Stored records
────────────────────────────────────────

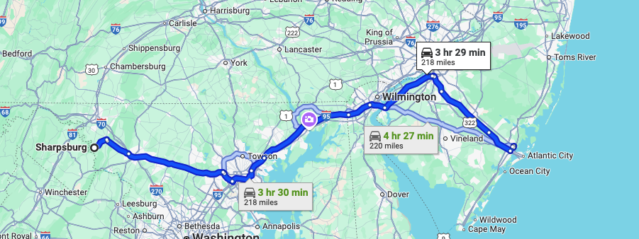 Our drive the next day would just be four hours, which was good as we needed a late checkout from the Airbnb as I had a video call with my surgeon for the three month follow up on my hip. He was happy with my progress and released me from the restrictions that come with the operation (no bending past 90 degrees, no leg crossing, etc.) and so, car loaded, we were soon on our way to Absecon, New Jersey to visit with Joanna’s good friend Janet.
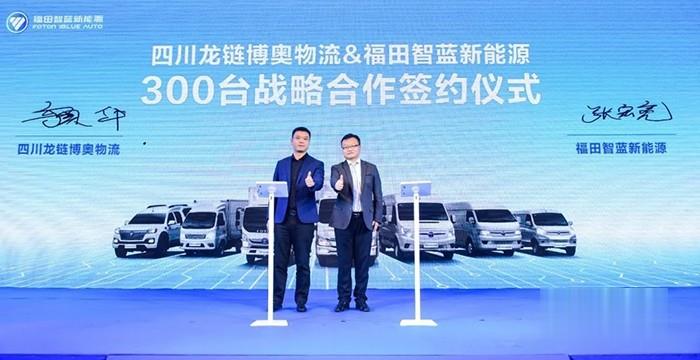 憑借場景定制化研發、豐富產品組合、不斷升級的服務體系,為廣大物流用戶提供體系化解決方案,福田智藍新能源在成都上市即熱銷。活動現場,福田智藍新能源不僅向華藥物流、藥易達物流、騰林醫藥物流現場交付輕卡產品,更與等當地知名新能源物流公司四川龍鏈博奧物流達成300臺戰略合作簽約,共推福田智藍在新能源成都城配市場的深入發展。
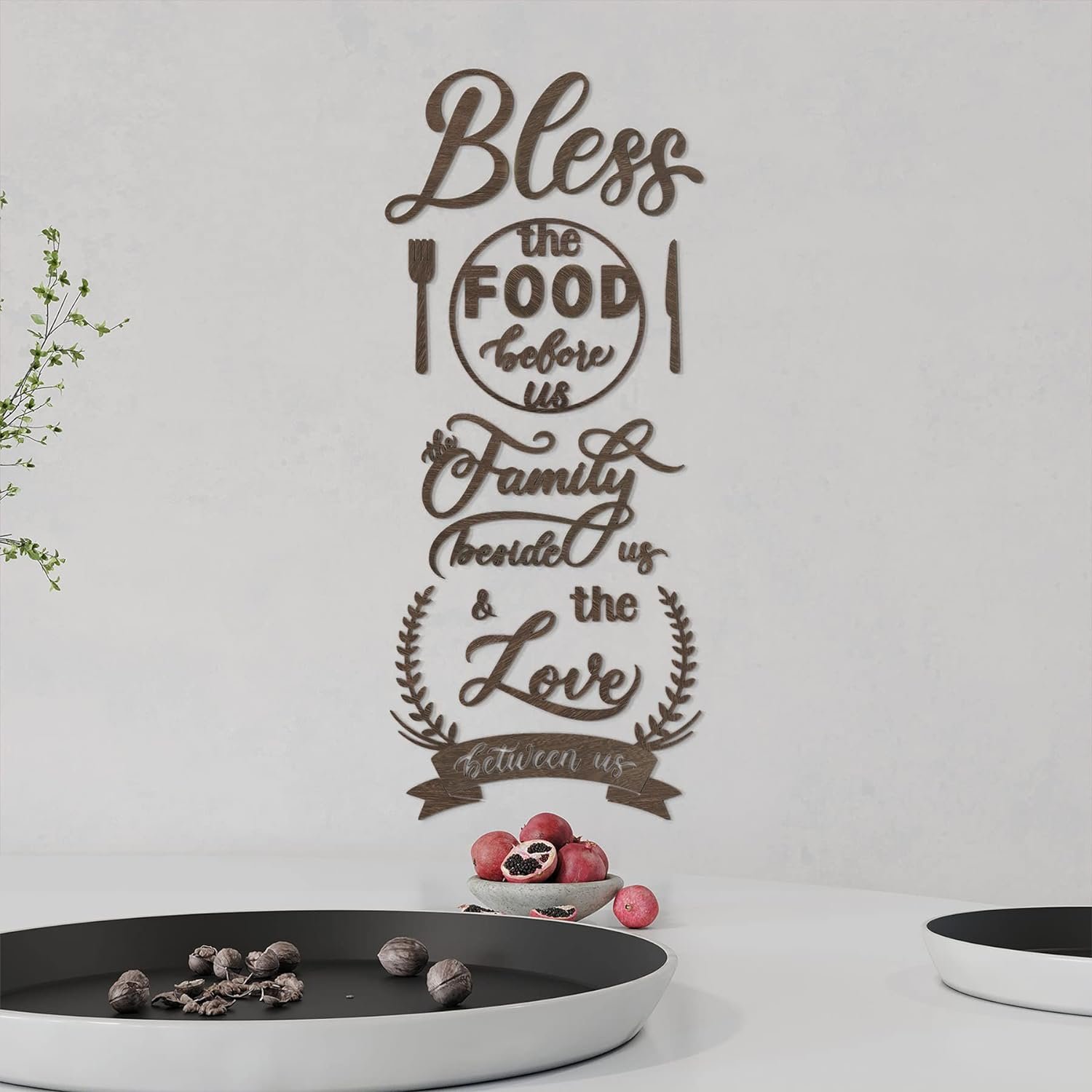 DecorSmart Wood Farmhouse Kitchen Wall Decor Decorations Dining Room Wall Decor Kitchen Signs Quotes Bless The Food Modern Farmhouse Style 129
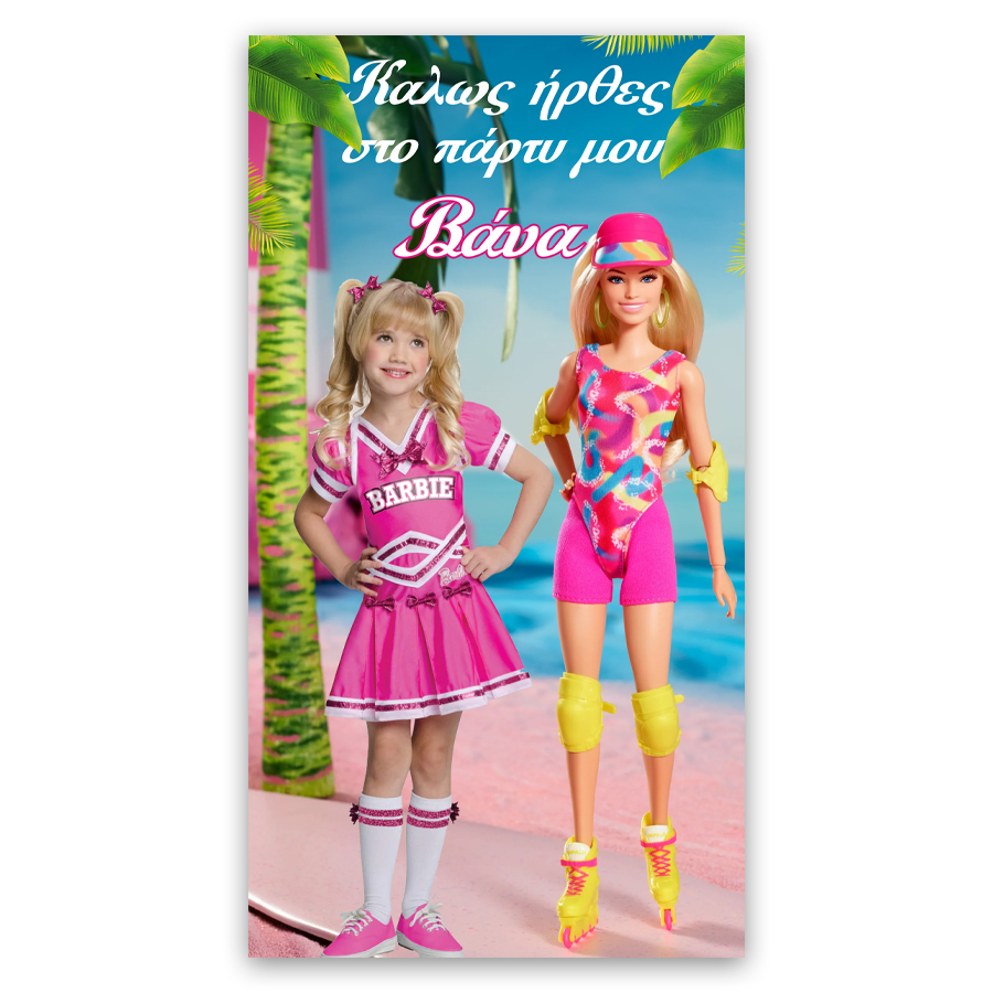 Μεγάλη διακοσμητική αφίσα με θέμα την Barbie και εκτυπωμένη τη φωτογραφία του παιδιού, για να υποδεχθείτε τους καλεσμένους σας στο πάρτυ γενεθλίων ή για να διακοσμήσετε το δωμάτιό του!
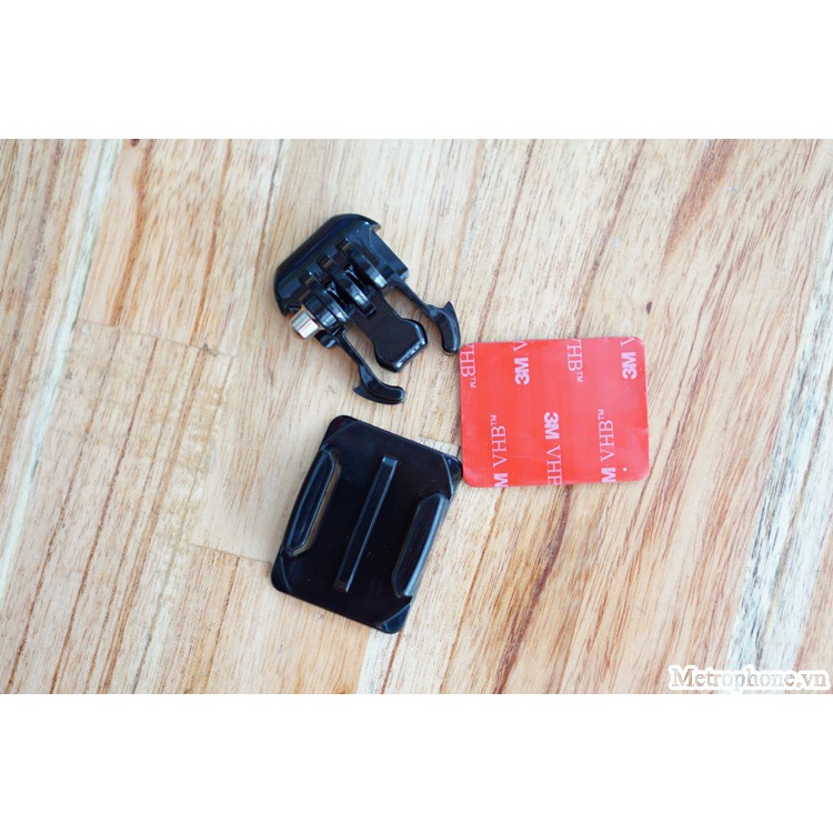 Bộ Mount dán nón GoPro và Action Cam gồm có một đế cứng cong, một khóa kiểu cơ bản và một miếng keo dán 3M cao cấp.
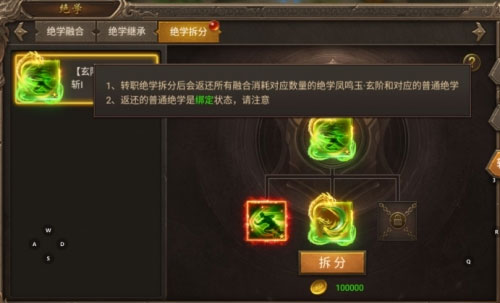 拆分后会返还转职绝学合成的材料及原始绝学。
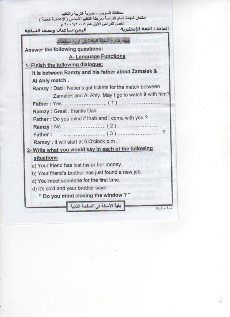 إمتحان محافظة السويس 2008/2009 وجدته بفضل الله أثناء بحثي عن آخر الامتحانات لعل الله ينفعنا به جميعا أسألكم الدعاء وفقكم الله جميعا رضا الشيخ |
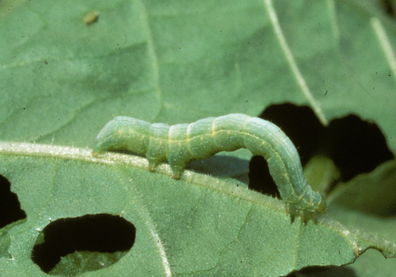Armyworms and cabbage loopers are also in this family and can cause damage to crops. Cabbage loopers are also known as cabbage worms. They are called loopers because they hunch their bodies and move like inch worms. They are pale green with white stripes and feed on crops like cabbage, kale, turnips, broccoli, and cauliflower.

────────────────────────────────────────

* **HOW TO COMPLETE THIS TASK**
Retype the entries exactly, skipping every picture.

* **SOLUTION**
 Our drive the next day would just be four hours, which was good as we needed a late checkout from the Airbnb as I had a video call with my surgeon for the three month follow up on my hip. He was happy with my progress and released me from the restrictions that come with the operation (no bending past 90 degrees, no leg crossing, etc.) and so, car loaded, we were soon on our way to Absecon, New Jersey to visit with Joanna’s good friend Janet.
 憑借場景定制化研發、豐富產品組合、不斷升級的服務體系,為廣大物流用戶提供體系化解決方案,福田智藍新能源在成都上市即熱銷。活動現場,福田智藍新能源不僅向華藥物流、藥易達物流、騰林醫藥物流現場交付輕卡產品,更與等當地知名新能源物流公司四川龍鏈博奧物流達成300臺戰略合作簽約,共推福田智藍在新能源成都城配市場的深入發展。
 DecorSmart Wood Farmhouse Kitchen Wall Decor Decorations Dining Room Wall Decor Kitchen Signs Quotes Bless The Food Modern Farmhouse Style 129
 Μεγάλη διακοσμητική αφίσα με θέμα την Barbie και εκτυπωμένη τη φωτογραφία του παιδιού, για να υποδεχθείτε τους καλεσμένους σας στο πάρτυ γενεθλίων ή για να διακοσμήσετε το δωμάτιό του!
 Bộ Mount dán nón GoPro và Action Cam gồm có một đế cứng cong, một khóa kiểu cơ bản và một miếng keo dán 3M cao cấp.
 拆分后会返还转职绝学合成的材料及原始绝学。
 إمتحان محافظة السويس 2008/2009 وجدته بفضل الله أثناء بحثي عن آخر الامتحانات لعل الله ينفعنا به جميعا أسألكم الدعاء وفقكم الله جميعا رضا الشيخ |
Armyworms and cabbage loopers are also in this family and can cause damage to crops. Cabbage loopers are also known as cabbage worms. They are called loopers because they hunch their bodies and move like inch worms. They are pale green with white stripes and feed on crops like cabbage, kale, turnips, broccoli, and cauliflower.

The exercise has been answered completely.